I won't debate on the rightness or wrongness of this mechanism here, but I
will say that, in general, programmers either need to write programs for
portability (and not depend on /any/ of the platform and language-specific
features available to them), or they need to write for /specific/
platforms. Porting "portable" code (like code written exclusively to the C
standard) is easy and needs only a recompilation for the target
environment; porting "platform specific" code is hard, needs
platform-specific substitutions, and often /really needs/ (but is seldom
acted apon) a complete rearchitecting.

--
Lew Pitcher

Master Codewright & JOAT-in-training | Registered Linux User #112576
http://pitcher.digitalfreehold.ca/ | GPG public key available by request
---------- Slackware - Because I know what I'm doing. ------
 
B

BobF

Nate said:
Indeed, in the
Unix world, this is the terminology people actually use; the program's
name is independent of filename of its executable. ("If you run this
program with the name 'foo', it does something; if you run it with the
name 'bar', it does something else.")

Which Unix world?

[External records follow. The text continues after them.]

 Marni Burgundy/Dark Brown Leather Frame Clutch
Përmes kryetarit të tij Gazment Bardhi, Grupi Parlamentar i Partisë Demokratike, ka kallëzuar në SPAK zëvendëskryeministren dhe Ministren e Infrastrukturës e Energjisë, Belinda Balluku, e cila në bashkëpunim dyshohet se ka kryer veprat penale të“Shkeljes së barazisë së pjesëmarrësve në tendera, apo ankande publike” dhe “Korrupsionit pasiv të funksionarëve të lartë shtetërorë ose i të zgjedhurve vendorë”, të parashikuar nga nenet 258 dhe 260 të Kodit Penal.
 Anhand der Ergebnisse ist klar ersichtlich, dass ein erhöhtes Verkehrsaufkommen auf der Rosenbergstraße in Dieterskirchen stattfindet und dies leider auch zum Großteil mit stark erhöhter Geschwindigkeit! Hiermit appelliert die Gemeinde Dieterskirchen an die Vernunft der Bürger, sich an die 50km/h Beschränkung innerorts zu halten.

It's been a while, but IIRC the command typed at the
Unix prompt had to match an actual filename.

Using your example, I would need two shell scripts (files), one named
'foo' and the other named 'bar' to invoke a different *binary* with
different args to get different behavior between the two runs.

However, the scripts themselves are executable ... if you had said
'binary' instead of 'executable' it would make more sense ... to me.
 
L

Lew Pitcher

Which Unix world? It's been a while, but IIRC the command typed at the
Unix prompt had to match an actual filename.

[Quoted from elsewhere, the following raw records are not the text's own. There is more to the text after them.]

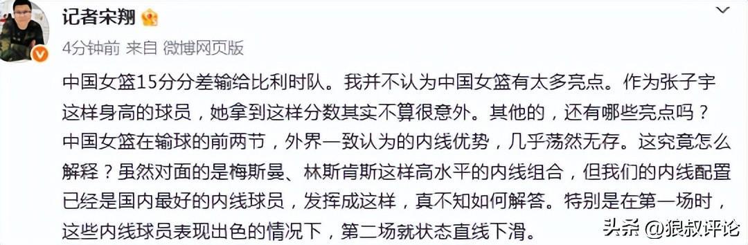 中国女篮15负完败比利时引热议 记者吐槽内线优势,几乎荡然无存
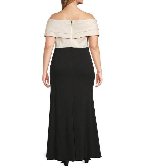 From Betsy & Adam Plus, this dress features: Scuba crepe fabrication Off-the-shoulder neckline Short sleeves Fit and flare silhouette Lined Back zip closure Approx. 62" in length from high point shoulder Polyester/spandex Dry clean Imported.
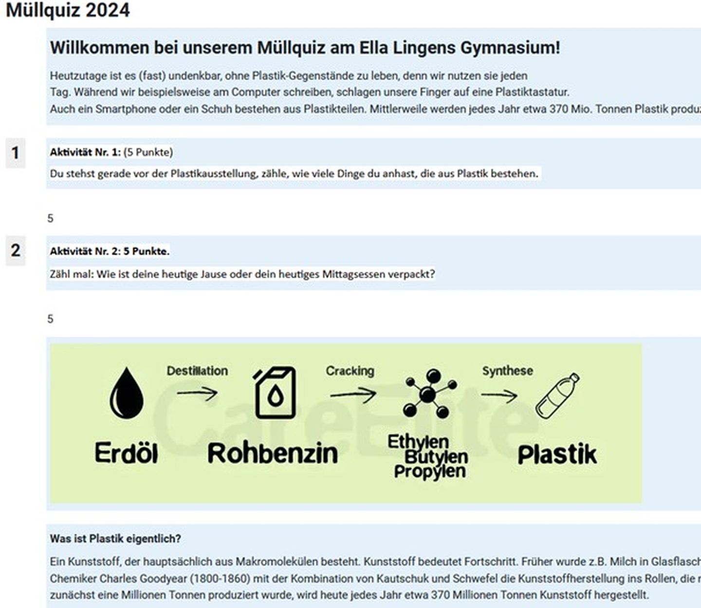 Um uns genau dafür zu sensibilisieren erfährt unser Plastikprojekt eine neue Auflage an einem neuen Ort und diesmal mit einem Onlinequiz von Prof. Günther Sturm und Prof. Driss Tabaalite auf eduvidual! Schüler:innen der Unterstufe sind in diesen Kurs eingeschrieben und können jederzeit das Quiz machen!
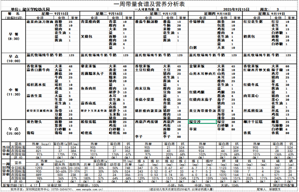 2025年9月15日-2025年9月19日 韶关学院幼儿园一周食谱
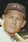 Really too far away to be a good shot; even the "facepack"-size is a half-body shot. And not terribly rare, since the A's still wore these uniforms in spring training of 1961 [as seen on Leo's 1961 and 1962 Topps cards, both with the red-letter cap], before changing to white-letter cap in the current facepack for the '61 season. But it's still a different uniform than he'd wear for most of his career, so I figured it was worth including here. Enjoy. |

But, with Unix, two (or more) different filenames can point to the same
file. Thus, a Unix executable file can have multiple names, and can test
argv[0] to see /which/ name it had been called for execution.

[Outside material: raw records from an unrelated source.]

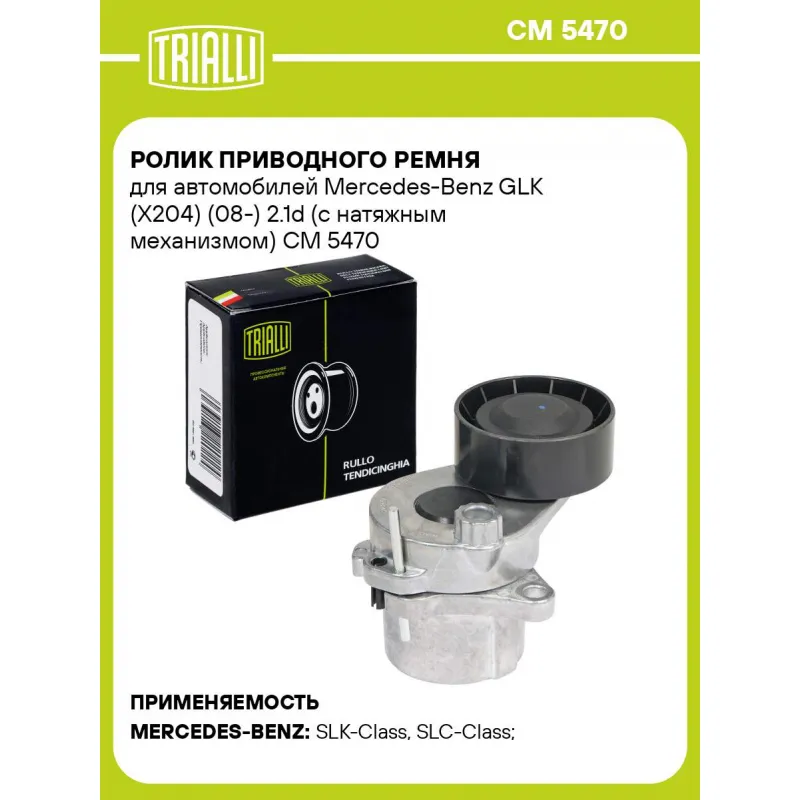 Ролик приводного ремня для автомобилей Mercedes-Benz GLK (X204) (08-) 2.1d (с натяжным механизмом) Характеристики: Артикул: CM 5470 OEM номера: 68131 035AA, K68131035AA, 6512000070 , 6512001670 , 6512001770, A6512000070 , A6512001670, A6512001770 Количество на автомобиль: 1 Внешний диаметр, мм: 65 Ширина, мм: 26 Гарантийный сро... Читать полностью →
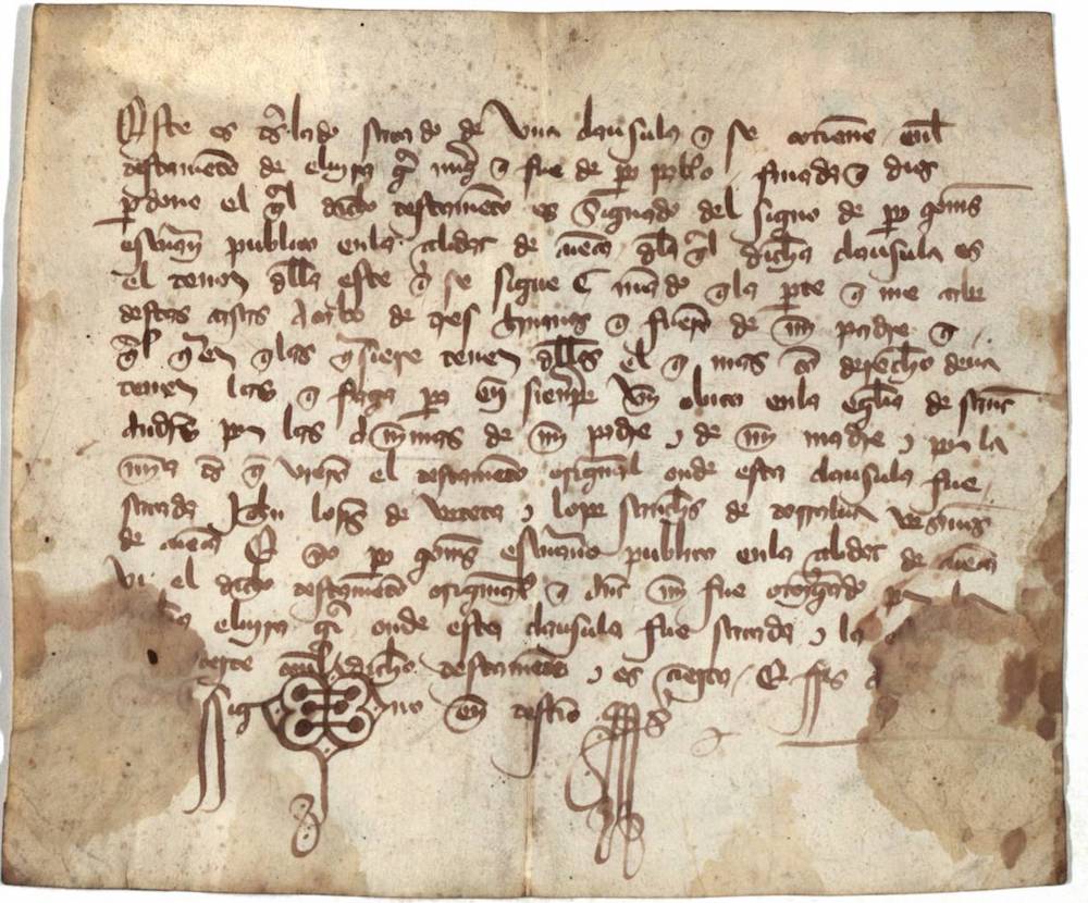 Nota: Se ha situado al final del siglo XIV, aunque por su grafía y dado que en el documento nº. 644 aparece Pedro Pablo, posible marido de Elvira Gómez, ambos documentos pueden ser coetáneos.
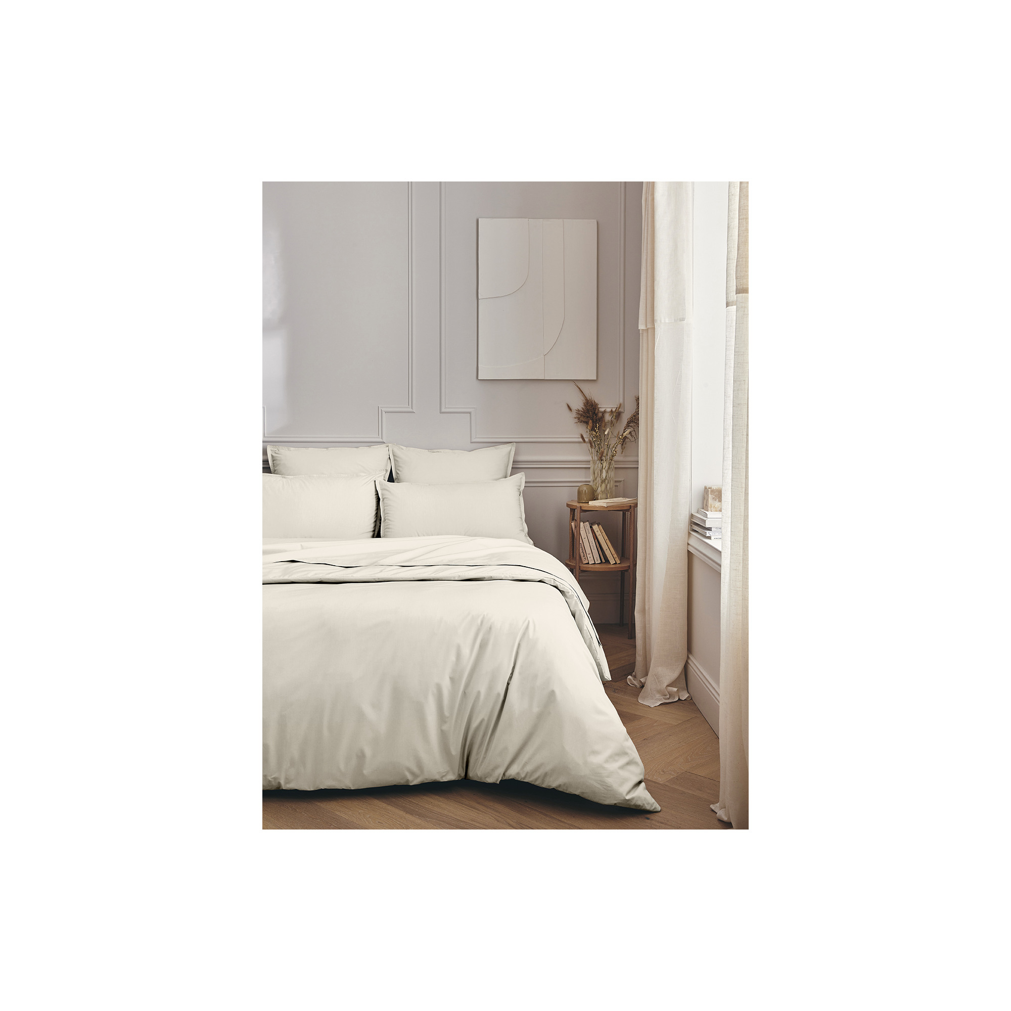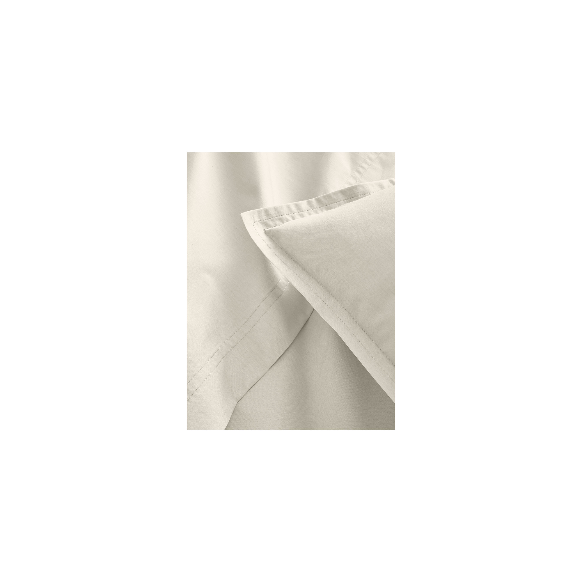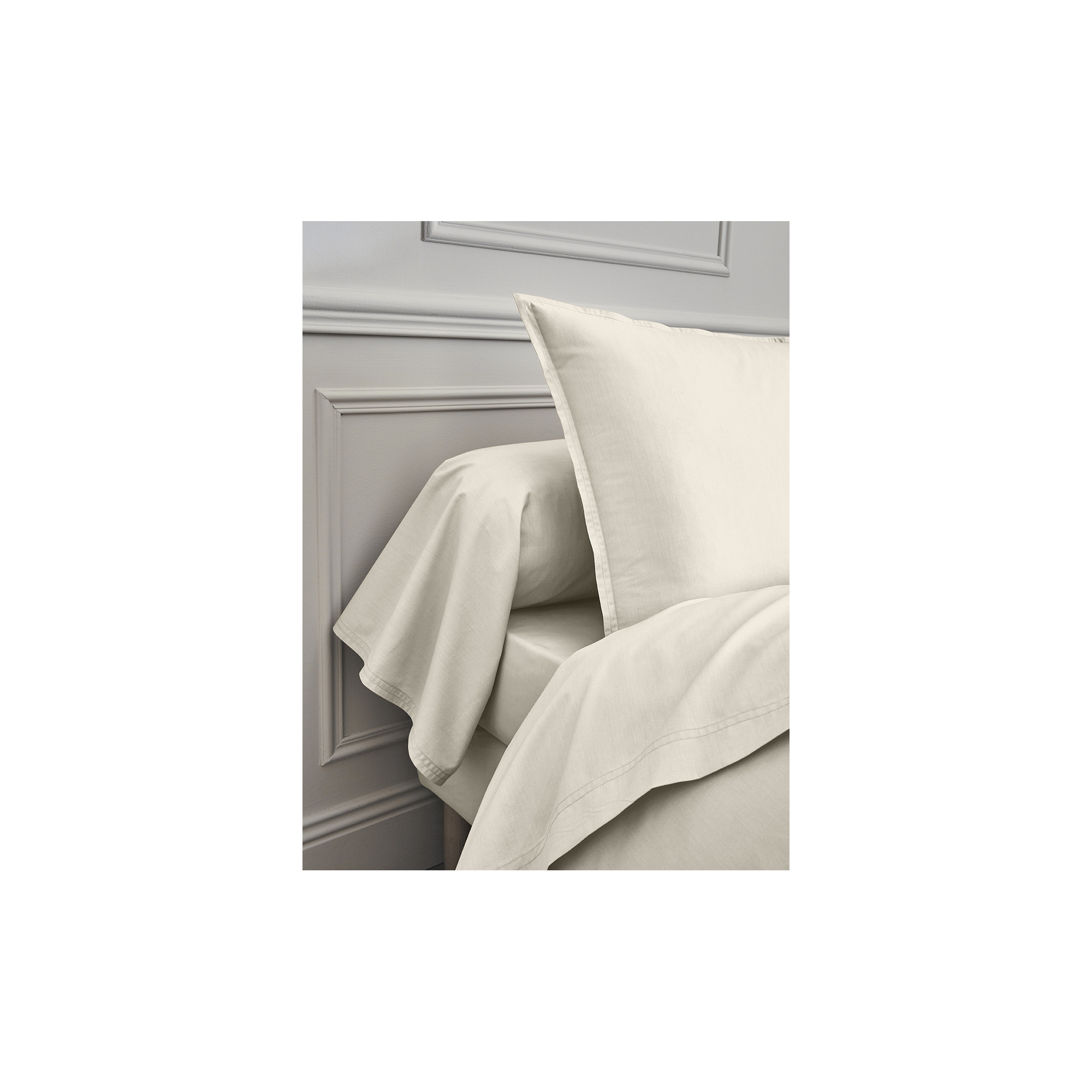 Dit percale licht neutrale laken is geweven uit 100% gekamd katoen met lange vezels. Het frisse, matte en ademende materiaal voelt zacht en duurzaam aan, terwijl de subtiele volant met dubbele stiksels de kussenslopen een elegante afwerking geeft. Gemaakt in Frankrijk, met oog voor detail en comfort.

Using your example, I would need two shell scripts (files), one named
'foo' and the other named 'bar' to invoke a different *binary* with
different args to get different behavior between the two runs.

However, the scripts themselves are executable ... if you had said
'binary' instead of 'executable' it would make more sense ... to me.

The technique works for both executable binaries and executable shell
scripts. To me, it makes more sense to refer to 'executables'
than 'binaries' in the context of Unix filename/file linkage. OTOH, in the
context of C programming, it would make more sense to refer to 'binaries',
as C is seldom treated as an interpreted language or a shell script.

--
Lew Pitcher

Master Codewright & JOAT-in-training | Registered Linux User #112576
http://pitcher.digitalfreehold.ca/ | GPG public key available by request
---------- Slackware - Because I know what I'm doing. ------
 
N

Nate Eldredge

BobF said:
Which Unix world? It's been a while, but IIRC the command typed at
the Unix prompt had to match an actual filename.

Using your example, I would need two shell scripts (files), one named
foo' and the other named 'bar' to invoke a different *binary* with
different args to get different behavior between the two runs.

However, the scripts themselves are executable ... if you had said
binary' instead of 'executable' it would make more sense ... to me.

What I have in mind is running the same binary with two different
names. This is most commonly done with a hard or soft link.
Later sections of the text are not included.